Intellectual Property
We rely on a combination of trademarks, trade secrets and contract law rights in order to protect our brand, intellectual property assets and confidential or proprietary information (our “Proprietary Rights”). Our Proprietary Rights are among the most important assets we possess and we depend significantly on these Proprietary Rights in being able to effectively compete in our industry. We cannot be certain that the precautions we have taken to safeguard our Proprietary Rights will provide meaningful protection from the unauthorized use by others. If we must pursue litigation in the future to enforce or otherwise protect our Proprietary Rights, or to determine the validity and scope of the rights of others, we may not prevail and will likely have to make substantial expenditures and divert valuable resources in the process. Moreover, we may not have adequate remedies if our Proprietary Rights are appropriated or disclosed.

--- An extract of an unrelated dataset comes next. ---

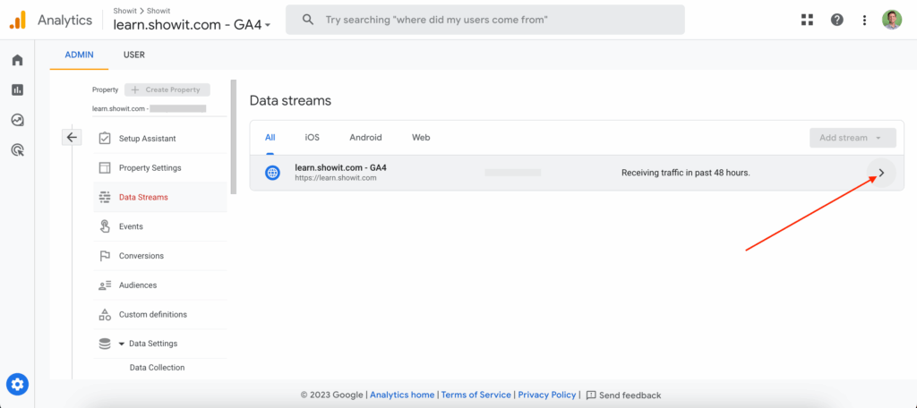 In your dashboard, go to Admin → Data Streams → Web, then enter your site URL and name it something easy to recognize (like “My Showit Site”).

We hold Proprietary Rights to our domain names and, as we develop and acquire content for our sites, we intend to make trademark and copyright applications as appropriate to protect our intellectual property in Hong Kong and elsewhere as we deem appropriate. As we contract with other parties, including website and content developers and advertisers, we intend to ensure that our content and services do not infringe upon the intellectual property rights of others. As a general matter, to date we have acquired and not licensed rights to content for our websites.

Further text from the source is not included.